Studio album by Dolorean
- Released: November 4, 2003
- Recorded: December 2001 – July 2002 Larry Crane's Jackpot Studio
- Genre: Indie rock
- Label: Yep Roc
- Producer: Jeff Saltzman

Dolorean chronology
|  | Not Exotic (2003) | Violence in the Snowy Fields (2004) |

= Not Exotic =

Not Exotic is the debut full-length album by Dolorean, released in 2003 on Yep Roc Records. The songs grew out of frontman Al James's home recordings. It met with a largely positive reception in the music press.

==History==
===Production and release===
Dolorean began recordings its debut LP in 2001, with rock producer Jeff Saltzman engineering the album and providing the bass lines at Larry Crane's Jackpot Studio. To perform the music live, James Adair joined the group on bass. Copies of Not Exotic were self-released by the band in the middle of 2002, though the official release came a year later in November 2003, when the band signed a two-album deal with Yep Roc Records in North Carolina.
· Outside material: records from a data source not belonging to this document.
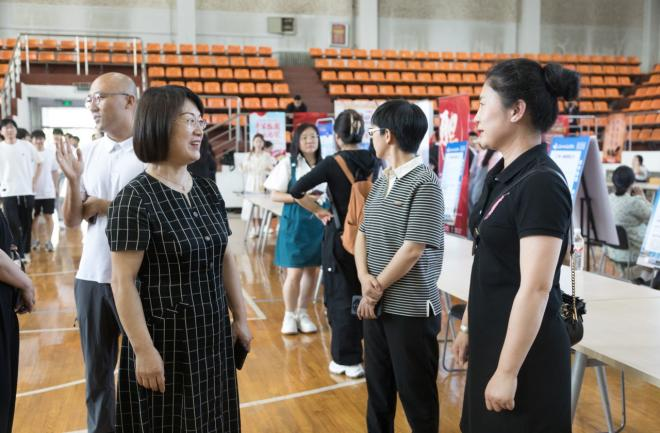 6月19日,我院2024“百日冲刺 一职为你”校园大型双选会在体育馆顺利举办,省内外106家优质用人单位入校招聘,涉及机械、汽修、教育、数媒、金融、电商、养老、化工、计算机等多个专业领域,提供就业岗位5000余个。院党委副书记、院长陈丽,副院长衣颖、赵冲、李健深入招聘会现场,并与企业深入沟通交流,详细了解企业人才需求,同时为求职学生答疑解惑,给予方向指导。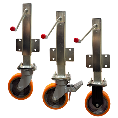 Fabricated swivel jacking castor fitted with a top plate and a polyurethane tyre nylon core wheel.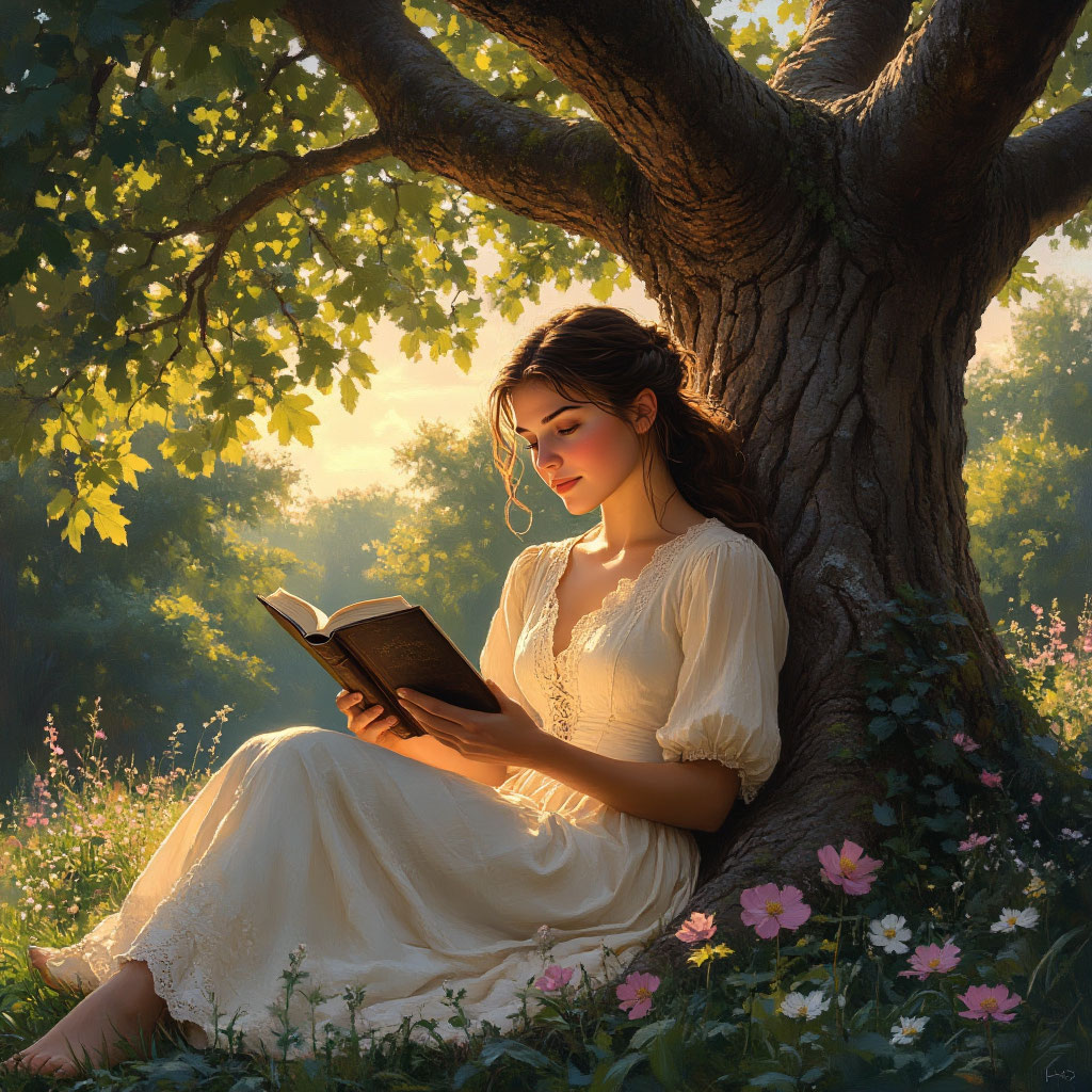 В тихий летний день, когда солнце мягко пробивалось сквозь густую листву, молодая женщина нашла уединение под старым дубом. Её белое платье, словно сотканное из лунного света, мягко струилось по траве, а в руках она держала старинную книгу, страницы которой хранили мудрость веков.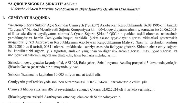 Yeganə təsisçisi Azərbaycan vətəndaşı Sabir Adnayev olan “A-Qroup Sığorta Şirkəti” ASC 2024-cü ili 143 min manat xalis mənfəət ilə başa vurub. Halbuki, Şirkət 2023-cü ili 699 min manat xalis mənfəət ilə bağlamışdı. Beləliklə, “A-Qroup Sığorta Şirkəti”nin xalis mənfəəti 2024-cü ildə 2023-cü illə müqayisədə 4,9 dəfə və ya 556 min manat azalıb.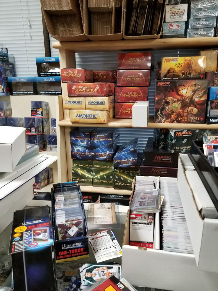 NHL, NFL, NBA, Pokemon, Magic the Gathering, Yu-Gi-Oh, you name it they've got it! Plus they have a location for hosting tournaments/events.The entrance looks like a prison on an industrial slave planet, but don't let that scare you away, the inside is nice and friendly and the owner is super nice and helpful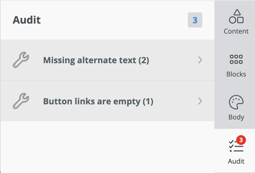 Select an issue type to go directly to where you can fix it. The audit is a warning only and does not prevent saving the design or sending the message.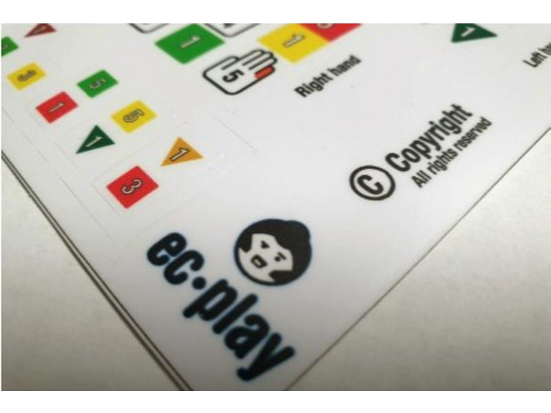 Merkelapper for høyre og venstre hånd som beskriver bass og akkorder iht EC-Play Color Code System. Med disse merkelappene kan du spille piano med EC-Play Band Appen.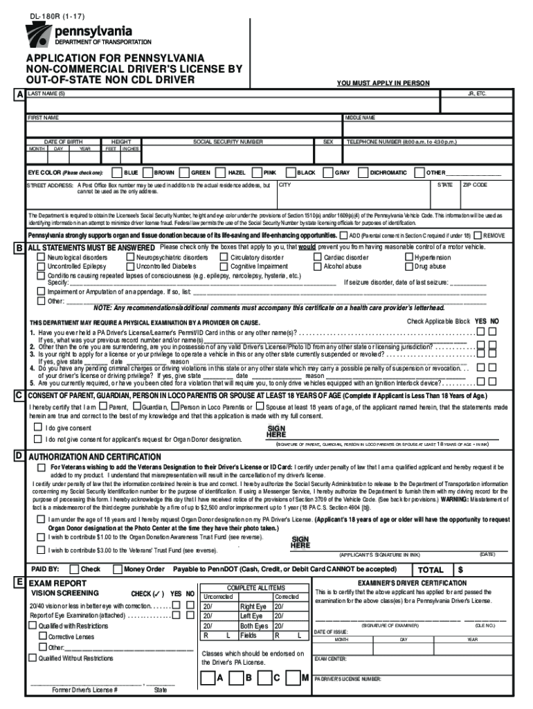 DL180R (117×APPLICATION FOR PENNSYLVANIA NONCOMMERCIAL DRIVER\'S LICENSE BY OUTOFSTATE NON CDL DRIVER YOU MUST APPLY IN PERSON JR., ETC.LAST NAME (S) MIDDLE NAMEFIRST NAMED ATE OF BIRTHMONTHDAYYEARHEIGHTFEETSOCIAL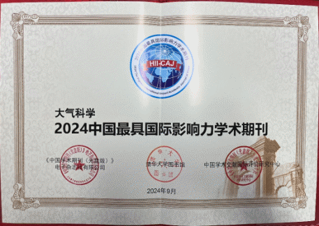 12月24日,2024年度中国知网学术影响力评价系列报告发布会发布评价报告,中国科学院大气物理研究所主办的《大气科学》入选“2024中国最具国际影响力学术期刊”。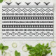 Aztec mixed motifs pattern in black detail on a white background design. V = Vertical pattern.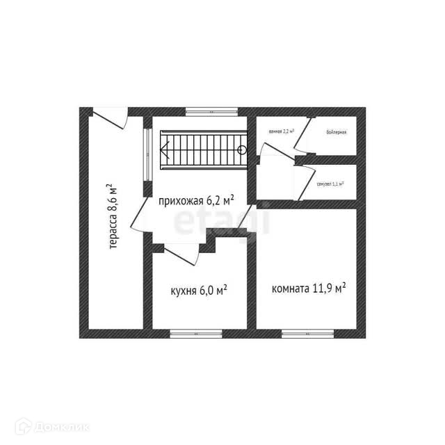 1 этаж - гостиная, коридор, кухня, раздельный сан.узел, бойлерная комната.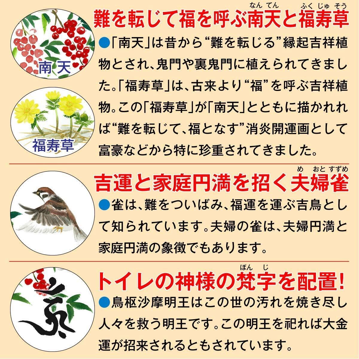 この『開運厄除・消災南天福寿』は、まさに話題のトイレ風水絵画です。この絵を貴家のトイレに飾れば、トイレの凶相からやって来る厄難や災害がはね除けられ、幸運や吉運が次々と招き寄せられ、大金運を貴家に生み出してくれるのです。その効果の大きさは圧倒的です。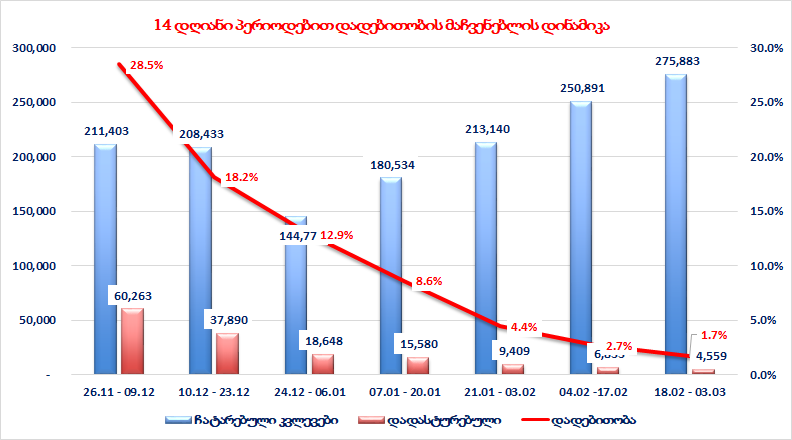 - 3 მარტი 19.706 ნიმუში. (საშუალოდ დღეში ბოლო ერთი თვის მანძილზე 18.639
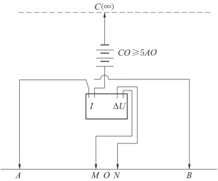 (3)“无穷远”极(C)的距离。为了使C极在M、N极间产生的电位差小于A或B极产生的电位差的5%,以便将其影响忽略不计,必须将C极置于垂直测线的方向上,并使CO≥5AO。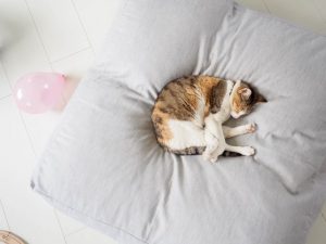 – le confort par rapport à Loup qui n’est pas directement sur le carrelage froid et très dur.

===Release and reception===

| "The songs gesture at folk and country, but they do it quietly and slowly, as if hesitant to disturb Mr. James’s delicate parables. And yet, despite the stillness, this is a wild, passionate album.” |
| — Kelefa Sanneh of The New York Times (November 9, 2013) |

The album was well received by critics, and Kelefa Sanneh of The New York Times featured the band and album in the publication on November 9, 2013, writing that the band were part of "the legacy of the late Elliott Smith: a generation of indie-rock songwriters... using their own ramshackle voices to sing their own stories of creeping sadness and fleeting joy," and calling it "a wild, passionate album.”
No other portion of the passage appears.